◆ **Task objective**
Only the lines from the one containing "O paddock dinâmico" through the final line below belong in the output, copied exactly and without pictures.

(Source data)
<<<<

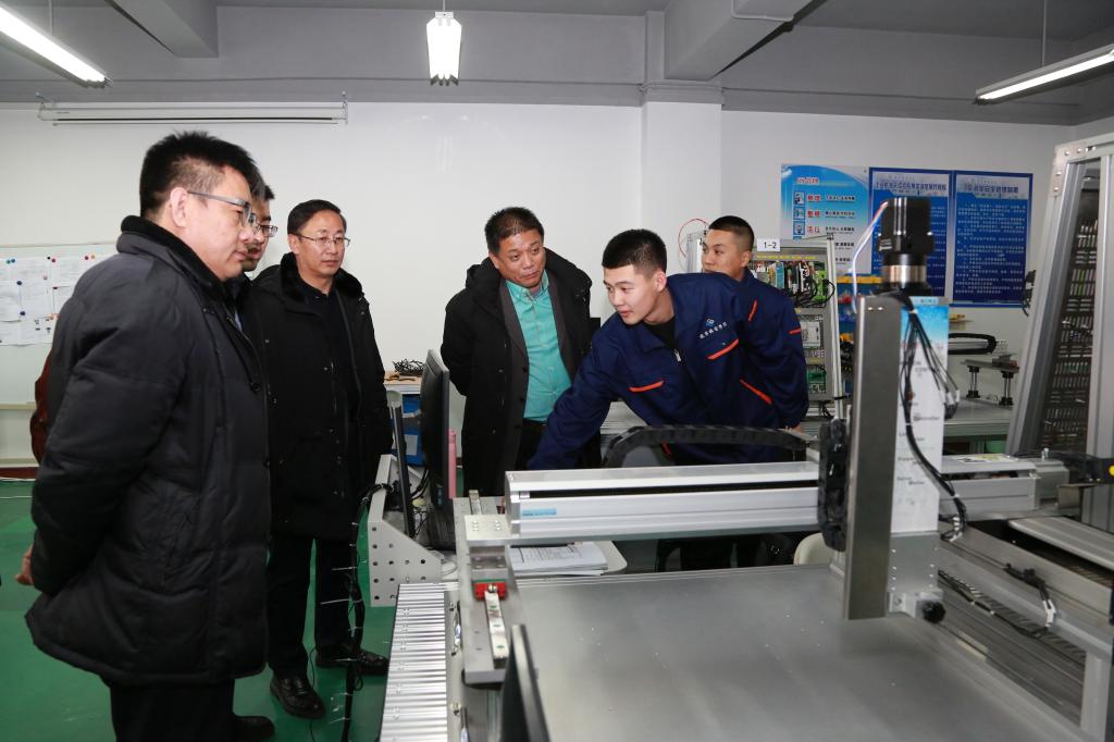 陳曉明主任一行參觀了學院智能制造生產(chǎn)性實訓基地、創(chuàng)新創(chuàng)業(yè)學院、機器人創(chuàng)新實踐中心、柔性制造創(chuàng)新實訓中心、自動化技術、虛擬儀器技術等校企協(xié)同創(chuàng)新中心并與現(xiàn)場的師生進行了親切交流。
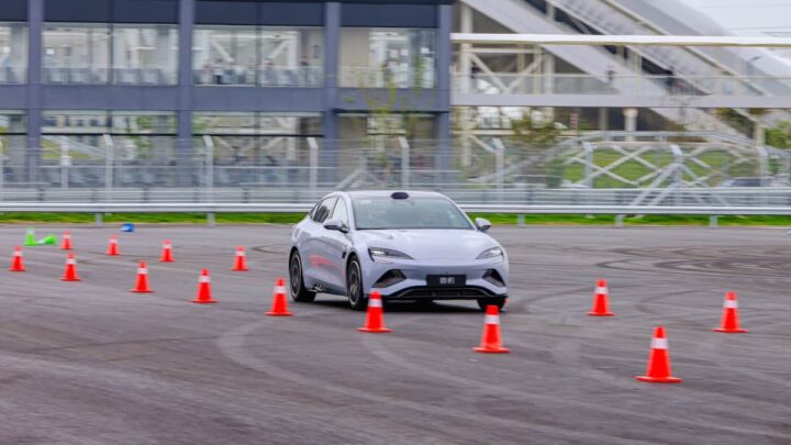 O paddock dinâmico de 15.300 metros quadrados apresenta mais de uma dúzia de cenários, como o slalom padrão, "teste do alce" e estacionamento automatizado, permitindo testar toda a gama de tecnologia inteligente da BYD.
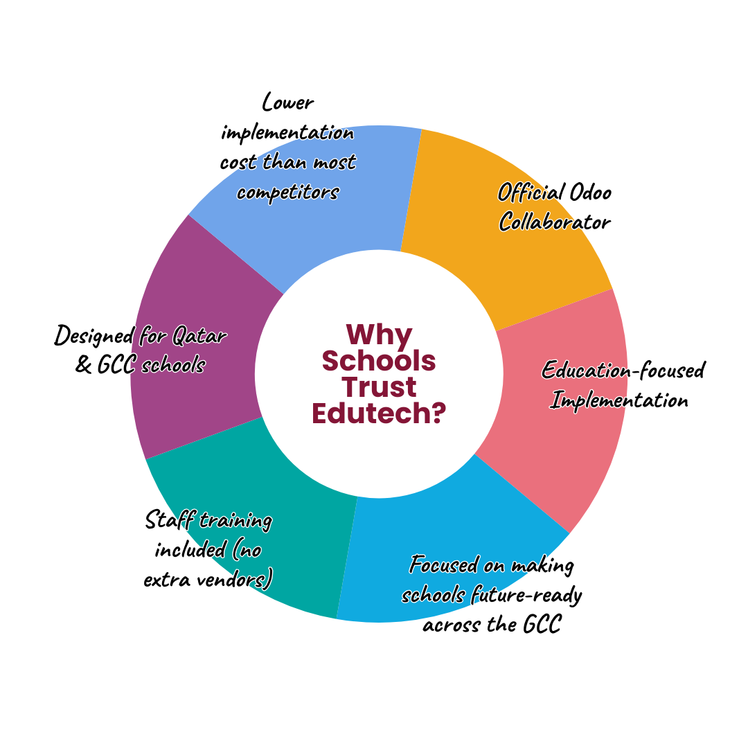 Schools usually spend a much higher monthly budget managing fees, payroll, exams, LMS, and parent communication across different systems. Odoo replaces all of these with one integrated platform, significantly reducing overall software costs.
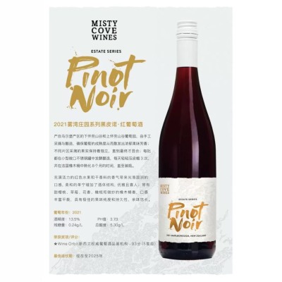 2021新西兰雾湾庄园系列黑皮诺红葡萄酒estate series pinot noir
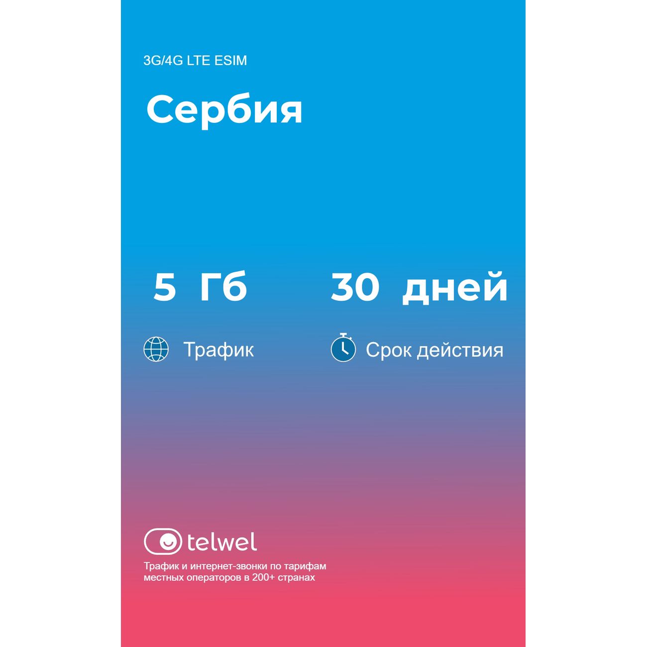 Вы можете купить eSIM Telwel пакет Сербия 5Гб 30 дней в магазинах М.Видео по доступной цене. eSIM Telwel пакет Сербия 5Гб 30 дней: подробное описание, фото и отзывы реальных покупателей, характеристики, возможность скачать инструкции и подобрать аксессуары.

>>>>

◆ **Solution to this task**
 O paddock dinâmico de 15.300 metros quadrados apresenta mais de uma dúzia de cenários, como o slalom padrão, "teste do alce" e estacionamento automatizado, permitindo testar toda a gama de tecnologia inteligente da BYD.
 Schools usually spend a much higher monthly budget managing fees, payroll, exams, LMS, and parent communication across different systems. Odoo replaces all of these with one integrated platform, significantly reducing overall software costs.
 2021新西兰雾湾庄园系列黑皮诺红葡萄酒estate series pinot noir
 Вы можете купить eSIM Telwel пакет Сербия 5Гб 30 дней в магазинах М.Видео по доступной цене. eSIM Telwel пакет Сербия 5Гб 30 дней: подробное описание, фото и отзывы реальных покупателей, характеристики, возможность скачать инструкции и подобрать аксессуары.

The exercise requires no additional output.